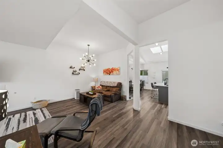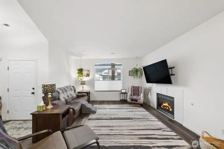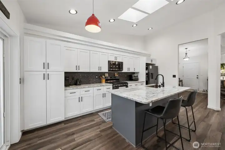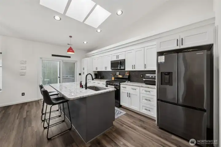 Adorable Puyallup Valley rambler in the desirable SummerView Estates community, located within the sought-after Sumner School District and featuring private trail access to the Puyallup River! This beautifully remodeled home offers an open-concept floor plan with soaring vaulted ceilings and timeless finishes throughout. The spacious living room with a cozy gas log fireplace flows seamlessly into the light-filled kitchen and dining area. The stunning kitchen was fully updated in 2022 with new quartz countertops, white cabinetry, SS appliances, LVP flooring, and a center island with breakfast nook—perfect for everyday living and entertaining + a wet bar off the dining area! The inviting primary suite features a walk-in closet with California Closets and a private ensuite bath with double sinks. 2 additional guest bedrooms and bath! Additional updates include new interior paint (2022) and a brand-new 30-year roof installed in October 2025, offering peace of mind for years to come. Step outside to your own private retreat—fully fenced and beautifully landscaped with mature arborvitae for added privacy. Enjoy outdoor living on the luxurious stamped concrete patio, plus paved RV parking, a storage shed, and plenty of space for all your needs. Residents also enjoy access to a gated neighborhood park and scenic river trail. A truly wonderful and welcoming community to call home!
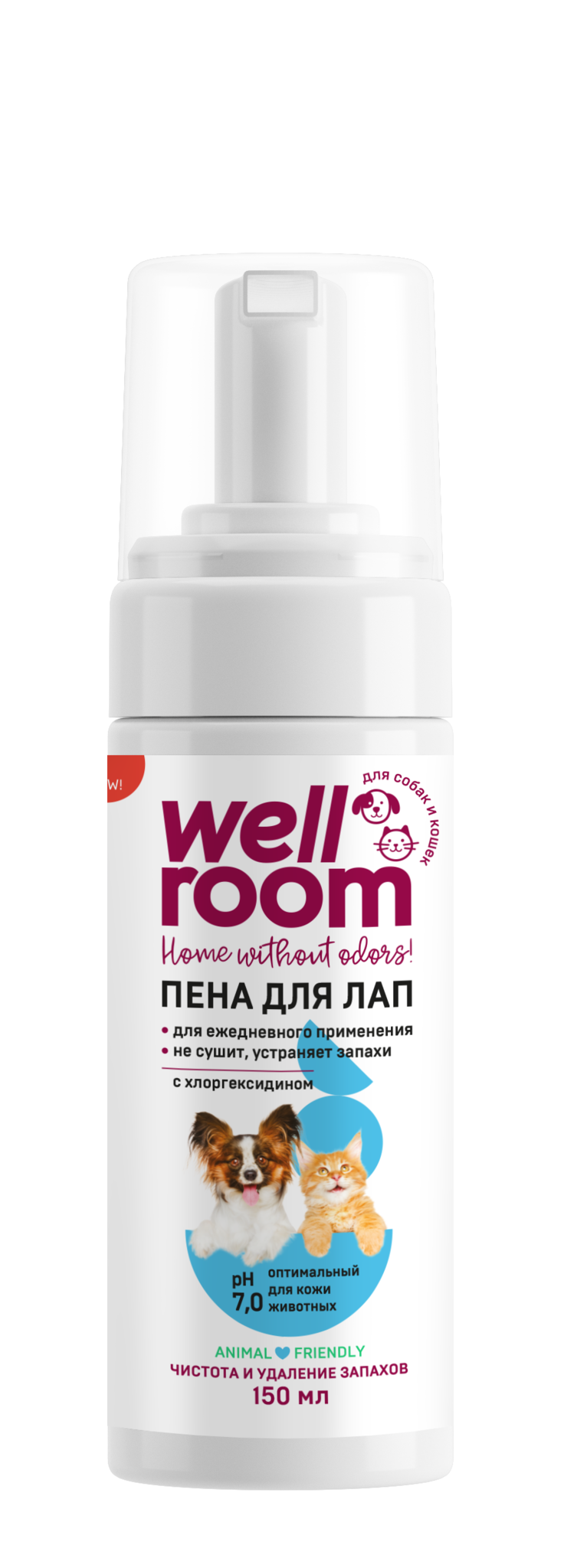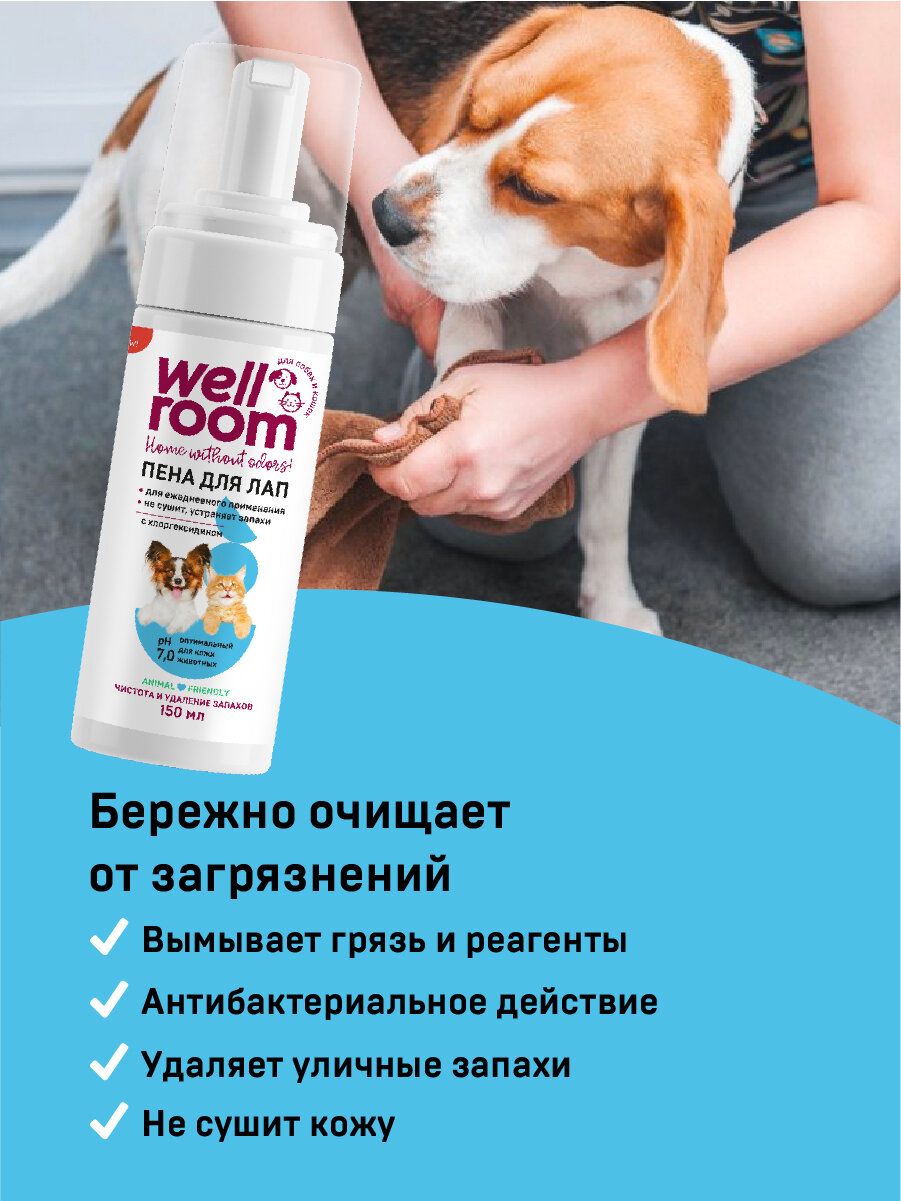 Купить Пенка для мытья лап - шампунь для кошек и собак с хлоргексидином Wellroom
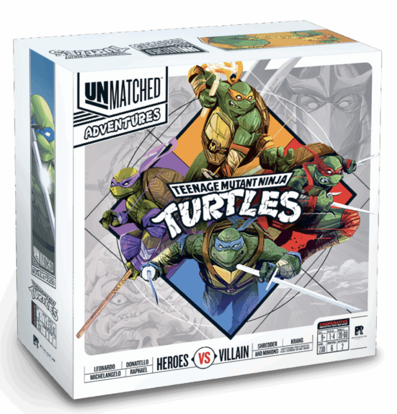 Unmatched Adventures: Teenage Mutant Ninja Turtles to drugi tytuł w kooperacyjnej serii Unmatched Adventures. Zagraj jako Leonardo, Raphael, Donatello i Michelangelo, aby pokonać Shreddera lub odeprzeć Kranga. Dołączą do nich także liczne postacie ze świata TMNT.
★ ★ ★ ★
- WHAT IS EXPECTED
Please repeat everything in the data above except the pictures, exactly as it reads.

- EXPECTED ANSWER
 Adorable Puyallup Valley rambler in the desirable SummerView Estates community, located within the sought-after Sumner School District and featuring private trail access to the Puyallup River! This beautifully remodeled home offers an open-concept floor plan with soaring vaulted ceilings and timeless finishes throughout. The spacious living room with a cozy gas log fireplace flows seamlessly into the light-filled kitchen and dining area. The stunning kitchen was fully updated in 2022 with new quartz countertops, white cabinetry, SS appliances, LVP flooring, and a center island with breakfast nook—perfect for everyday living and entertaining + a wet bar off the dining area! The inviting primary suite features a walk-in closet with California Closets and a private ensuite bath with double sinks. 2 additional guest bedrooms and bath! Additional updates include new interior paint (2022) and a brand-new 30-year roof installed in October 2025, offering peace of mind for years to come. Step outside to your own private retreat—fully fenced and beautifully landscaped with mature arborvitae for added privacy. Enjoy outdoor living on the luxurious stamped concrete patio, plus paved RV parking, a storage shed, and plenty of space for all your needs. Residents also enjoy access to a gated neighborhood park and scenic river trail. A truly wonderful and welcoming community to call home!
 Купить Пенка для мытья лап - шампунь для кошек и собак с хлоргексидином Wellroom
 Unmatched Adventures: Teenage Mutant Ninja Turtles to drugi tytuł w kooperacyjnej serii Unmatched Adventures. Zagraj jako Leonardo, Raphael, Donatello i Michelangelo, aby pokonać Shreddera lub odeprzeć Kranga. Dołączą do nich także liczne postacie ze świata TMNT.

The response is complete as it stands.